On September 26th we ended up in the ER, Makenzie's stomach has been getting a little enlarged through out the week, I thought maybe it was her C-diff that was causing the problem. She ended up getting admitted again, they thought at first it was her liver malfunctioning, but she ended up having ascites which is the accumulation of fluid in the peritoneal cavity, causing abdominal swelling.They ruled out her liver, kidney and lungs. They were worried that it was her heart being in rejection, so she ended up getting a cath done, they also did transesophageal echocardiogram, which will allow them to get a closer look at her tricuspid valve that is leaking. Come to find out they do think it is from hr valve that leaks, We ended up staying in patient at the hospital for 10 days this visit. Primary Children's Hospital does not clamp tricuspid Valves through the Cath Lab, So Dr Molina reached out to a Dr at IMC hospital to see if Kenzie was a good candidate for the procedure. Come to find out she was and they scheduled her for the procedure October 10th. We met with the Dr. Dr. Whisenant the day before, to talk to him about the procedure, we found out that he has only done 2 cases like this and none of them were children, it was a little hard to hear that, but he felt pretty confident that he could do it, and if not he would stop the procedure. The good news that made me feel more comfortable with this was that Dr, Gray ( her Pediatric Cath Dr was going to be there with her) 

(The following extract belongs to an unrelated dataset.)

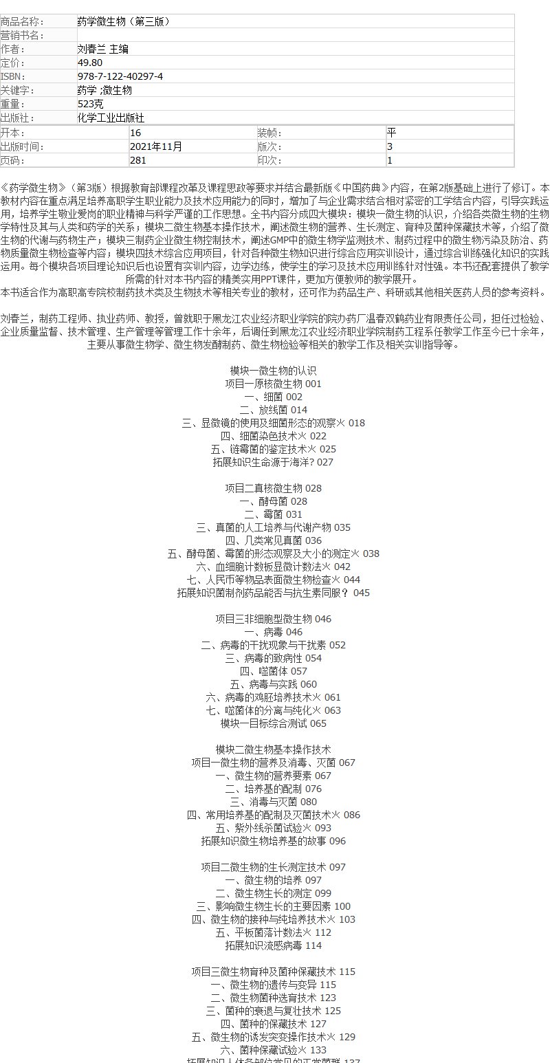 药学微生物 刘春兰 第三版 微生物基本操作技术 制药企业微生物控制技术 微生物技术综合应用项目 高职高专院校制药技术类应用教材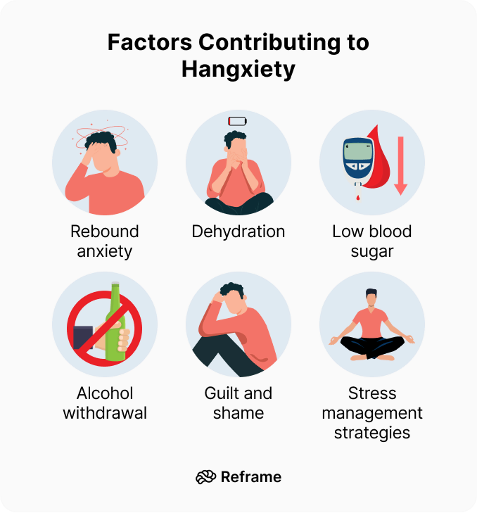 5. Guilt and shame. Alcohol can impair our judgment and decision-making abilities, leading to potentially regrettable decisions during a night of drinking. Waking up with a hangover and remembering (or not remembering) the events of the previous night can cause feelings of guilt, shame, and anxiety, thus feeding into hangxiety.

It has been a long morning, we got to IMC hospital at 6:45 am. They are definitely not a pediatric hospital, they gave her a ginormous gown when we go here lol, they eventually found a smaller one. They tried using an adult blood pressure cuff, that didn't work so well, and no child life specialist 😉. She was definitely not having it. 
The procedure started at 9 am, she was super nervous about it, I think I was more then she was, but she did great. The procedure took 3 hours. It was a long three hours. (This hospital has way more code blues and code strokes then primary's, it gave me a panic attack Every time it went over the intercom) This was there first ever pediatric tricuspid valve clamp they have ever done. So when those calls came over the intercom my heart stopped for a min. But They were able to get her tricuspid valve clamped successfully. Dr. Whisenant said she did amazing, better then what they were hoping for. The Drs and nurses were so great to accommodate her needs, before and after the procedure, they even gave her a balloon and some candy, after her procedure. We are not sure of how long she will have to stay or if she gets to go home today. If she has to be monitored they will most likely transfer her to Primary Children's hospital. We are Hoping this will help her body and heart feel so much better. She is so over hospital visits.